Population (2010 Census)
- • Total: 58,139
- • Estimate (2025): 52,177 (−10.3%)

Administrative status
- • Capital of: Shchyokinsky District, Shchekino Town Under District Jurisdiction

Municipal status
- • Municipal district: Shchyokinsky Municipal District
- • Urban settlement: Shchekino Urban Settlement
- • Capital of: Shchyokinsky Municipal District, Shchekino Urban Settlement
- Time zone: UTC+3 (MSK )
- Postal codes: 301240, 301241, 301243–301249, 301259
- OKTMO ID: 70648101001

= Shchekino =

Town in Tula Oblast, Russia

Shchekino (Щёкино), also romanized Shchyokino, is a town and the administrative center of Shchyokinsky District in Tula Oblast, Russia, located on the Moscow—Simferopol highway (M2), 25 km south of Tula, the administrative center of the oblast.
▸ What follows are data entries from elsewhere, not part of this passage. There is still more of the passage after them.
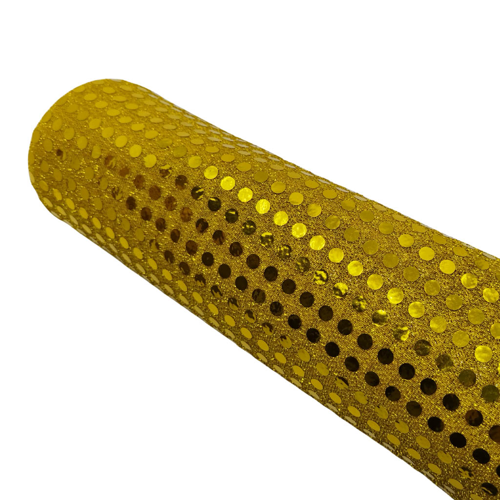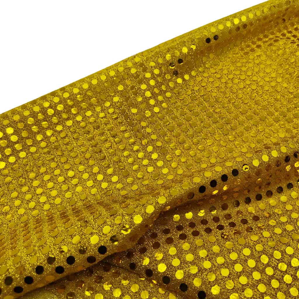 Tela de lentejuelas color amarillo. Las lentejuelas son planas, miden 6 mm de diámetro y van adheridas sobre tela de punto lúrex. Esta tela es perfecta para realizar disfraces de carnaval y trajes para espectáculos.
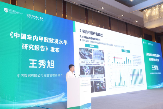 中汽数据有限公司综合管理部部长王秀旭发布《中国车内甲醛散发水平研究报告》
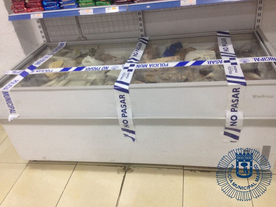 Agentes de la Policía Municipal de Madrid intervinieron ayer en un local del distrito de Usera un total de 660 kilos de alimentos conservados de manera deficiente.
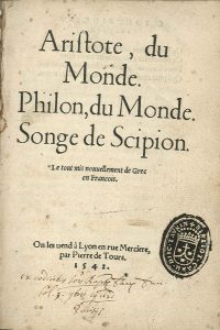 ARISTOTELES - Aristote, du Monde. Philon, du Monde. Songe de Scipion [trsl. from the Greek]. Lyon, P. de Tours, 1542
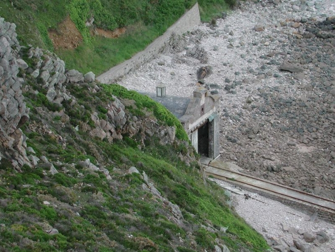 Vue en plongée de la falaise : façade est du bâtimentImmatriculation
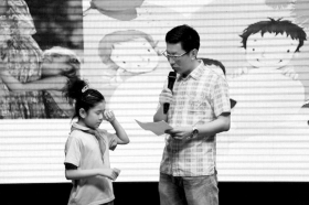 《亲子书信对白》环节,朱芸萱和爸爸真情对白。易波摄
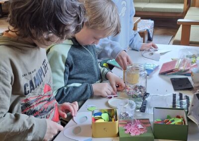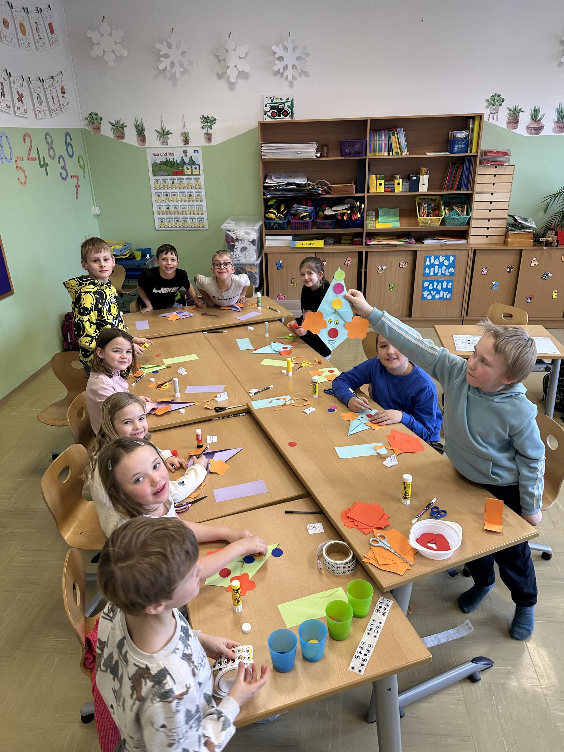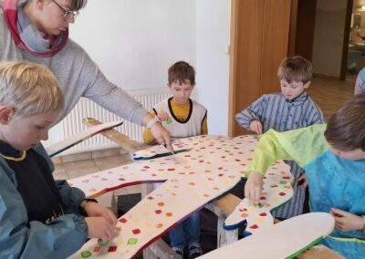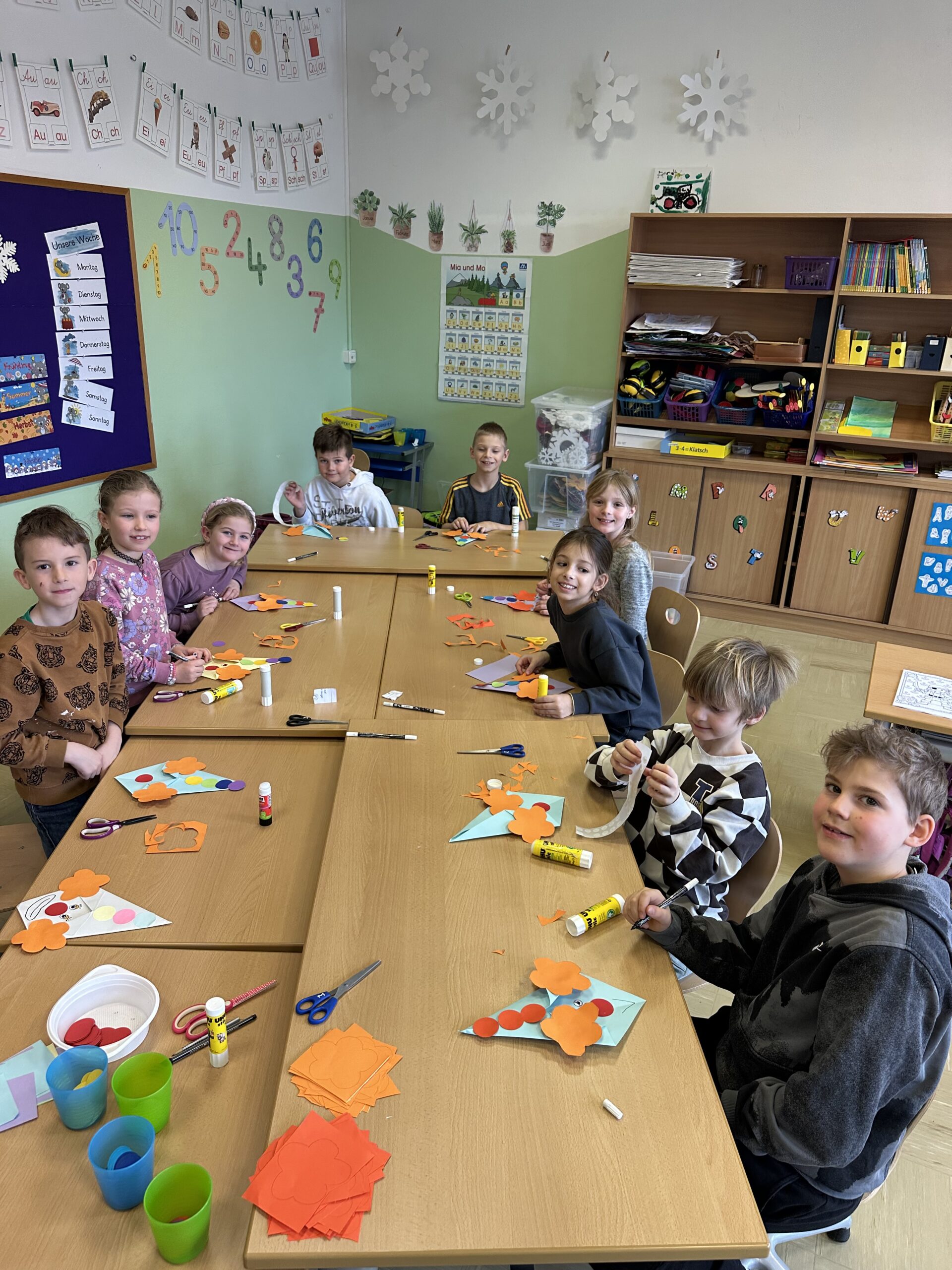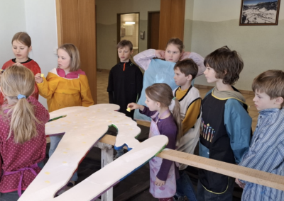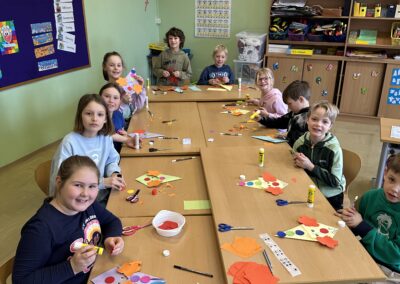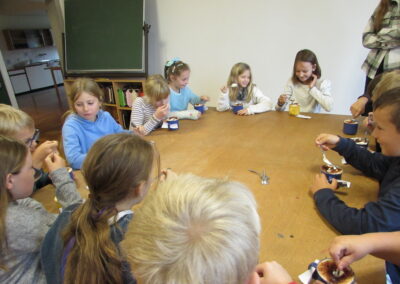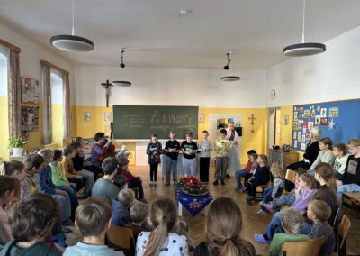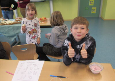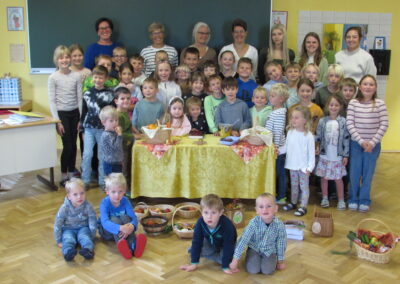 Am 21. März fand unser Osterprojekttag statt, zu dem wir die Kinder des Kindergartens einluden. Zur Berüßung wurde ein Osterlied zusammen gesungen. Anschließend teilten sich die Kinder in Gruppen auf und bastelten, sangen oder es wurde gelesen. Abschließend führten die Kinder der 1. und 2. Schulstufe noch ein Osterlied vor. Es war ein schönes Beisammensein und ein toller Vormittag für alle!
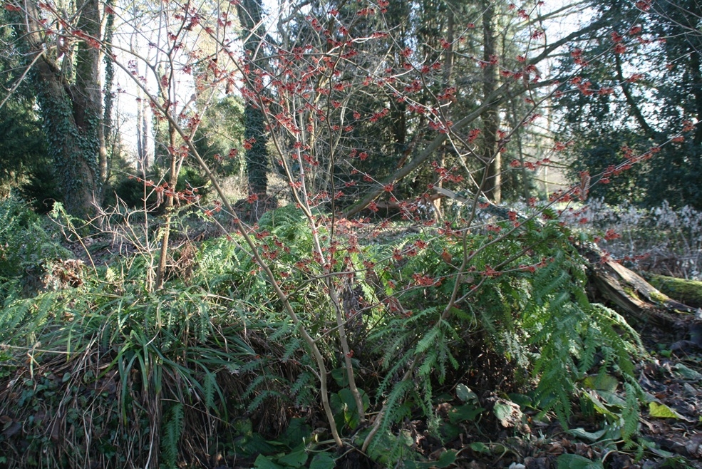Hamamelis ×intermedia ist als echter Winterblüher beinahe ein Muss für den Exotengarten. Selbst in kleineren Gärten kann man eine Pflanze integrieren. Von den zahlreichen Sorten können auch verschiedenblütige kombiniert werden oder solche mit unterschiedlichen Blühzeitpunkten. Am frühesten im Winter zeigt sich "Advent", spät hingegen "Carmine Red". Seitens der Farbe kann aus einer ganzen Palette von Kombinationen gewählt werden.
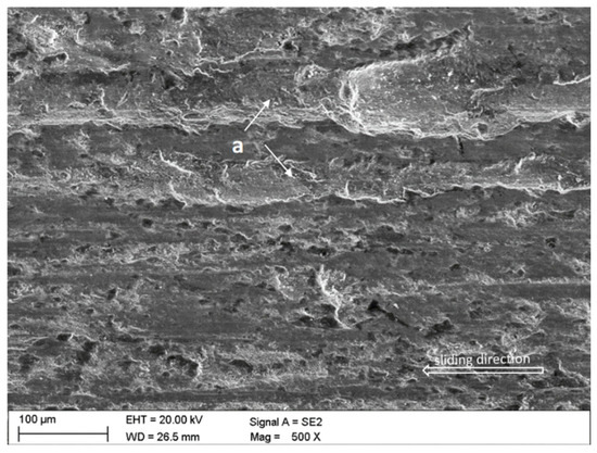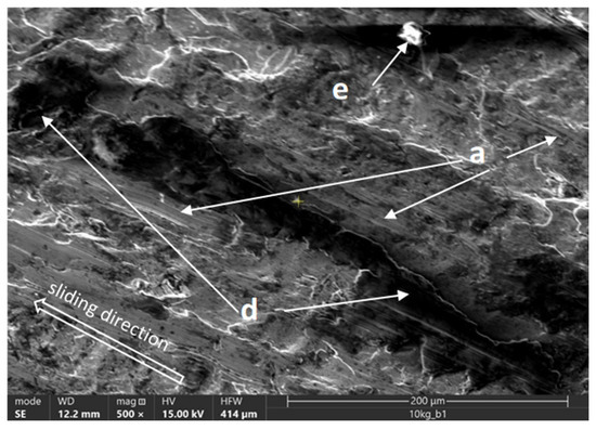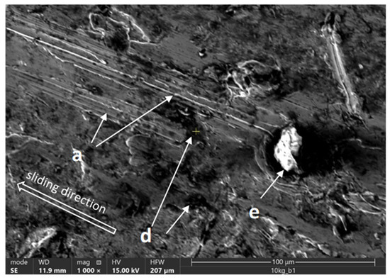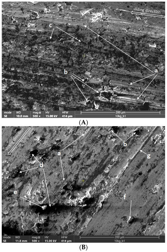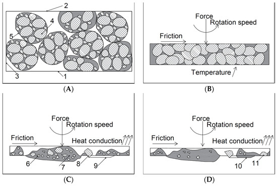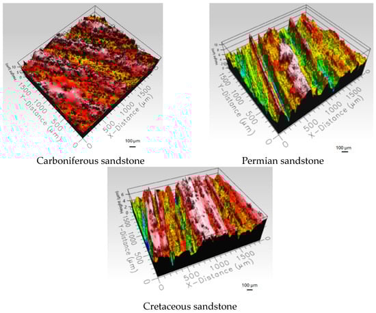 However, what proves to be more frequent is the effect of either dry (Figure 2B) or wet abrasive material (Figure 2C,D), which can cause significant material decrement precisely at the point of impact of this degradation factor. Material decrement in the surface layer can be due to such processes as micro-ridging, micro-scratching, micro-fatigue, and micro-cracking [10]. In the case of abrasives composed of minerals characterised by considerable hardness, damage is typically attributable to micro-scratching or micro-ridging.

Population: 72,000 (1977).

==History==
It was founded in 1871 in connection with the development of brown coal deposits and soon supplanted Krapivna as the main settlement in the district. It was granted town status in 1938.

==Administrative and municipal status==
Within the framework of administrative divisions, Shchekino serves as the administrative center of Shchyokinsky District. As an administrative division, it is incorporated within Shchyokinsky District as Shchekino Town Under District Jurisdiction. As a municipal division, Shchekino Town Under District Jurisdiction is incorporated within Shchyokinsky Municipal District as Shchekino Urban Settlement.

==Notable people==
- Daria Abramova (born 1990) amateur boxer (2019 European Games featherweight women's bronze medalist)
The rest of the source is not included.